Nos meus tempos de criança, em Cachoeiro de Itapemirim (ES), todos éramos vizinhos: vizinhos de mais perto ou vizinhos de mais longe, mas todos afinal vizinhos. Vizinhança, mais que um conceito espacial, era então um conceito afetivo.
Nas cidades do interior, este sentimento de estarem próximos uns dos outros perdura até hoje.
A cidade grande afasta as pessoas. O atropelo da vida, os compromissos, o medo são fatores que dificultam a convivência.
Nos edifícios da cidade grande, os vizinhos às vezes nem sabem o nome uns dos outros: conhecem alguns convizinhos, mas não conhecem todos, como seria desejável.
Fui a recente reunião de condomínio, no edifício onde moro, na Praia da Costa (Vila Velha, ES) com uma idéia na cabeça. Quis logo ver a pauta – condomínio que se preza sempre tem a pauta das reuniões. Fiquei a conjeturar em qual daqueles itens caberia minha intervenção: prestação de contas, rateio de uma despesa extra, melhoria em áreas comuns, em nada disso se encaixava o que eu tinha a dizer. Então vejo, no final da pauta, o item salvador, onde tudo cabe: assuntos gerais. Espero com ansiedade o desenrolar dos trabalhos e quando a digníssima senhora síndica anuncia os “assuntos gerais”, peço a palavra. Proponho então cordialmente ao grupo que precisávamos fortalecer os laços de vizinhança. Em abono de minha tese, começo lendo a crônica “Recado ao Senhor 903”, do inigualável Rubem Braga:
“Vizinho – Quem fala aqui é o vizinho do 1003. Recebi, outro dia, consternado, a visita do zelador, que me mostrou a carta em que o senhor reclamava do barulho em meu apartamento. Quem trabalha o dia inteiro tem direito ao repouso noturno e é impossível repousar no 903 quando há vozes, passos e músicas no 1003. Peço-lhe desculpas, prometo silêncio... mas que me seja permitido sonhar com outra vida e outro mundo, em que um homem batesse à porta de outro e dissesse: ´Vizinho, são 3 horas da manhã e ouvi música em tua casa.
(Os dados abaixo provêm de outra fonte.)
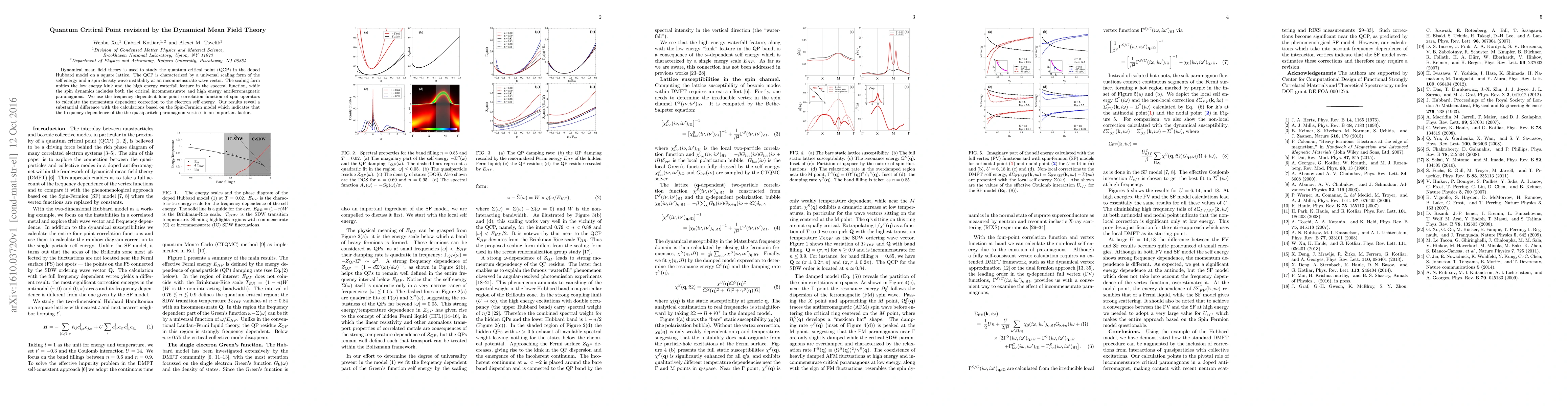 Dynamical mean field theory is used to study the quantum critical point (QCP) in the doped Hubbard model on a square lattice. The QCP is characterized by a universal scaling form of the self energy and a spin density wave instability at an incommensurate wave vector. The scaling form unifies the low energy kink and the high energy waterfall feature in the spectral function, while the spin dynamics includes both the critical incommensurate and high energy antiferromagnetic paramagnons. We use the frequency dependent four-point correlation function of spin operators to calculate the momentum dependent correction to the electron self energy. Our results reveal a substantial difference with the calculations based on the Spin-Fermion model which indicates that the frequency dependence of the the quasiparitcle-paramagnon vertices is an important factor.

Aqui estou.´ E o outro respondesse: ´Entra, vizinho e come do meu pão e bebe do meu vinho!”
Não obstante a veemência com que defendi a tese da “vizinhança amiga”, lembrei-me de uma lição que aprendi do Professor Aylton Rocha Bermudes quando fui seu aluno no ginásio. Ele me ensinou que, na argumentação, o gesto tem mais força que a palavra. Tirei então do bolso um comprimido de Isordil e disse: na iminência de um ataque cardíaco, posso precisar de um comprimido como este debaixo da língua. Nessas circunstâncias, qualquer dos vizinhos pode salvar minha vida. Em tom de blague, o vizinho e desembargador Jorge Góes pôs em dúvida se, por engano, eu não tirara do bolso, em vez do Isordil, um outro comprimido, aludindo com malícia poética a outro comprimido a que minha idade faz jus.
Através deste texto a idéia salta dos limites do meu condomínio para conhecimento geral. Fica então o apelo a todos os moradores de todos os condomínios: é preciso humanizar a vida na cidade. Salve o vizinho.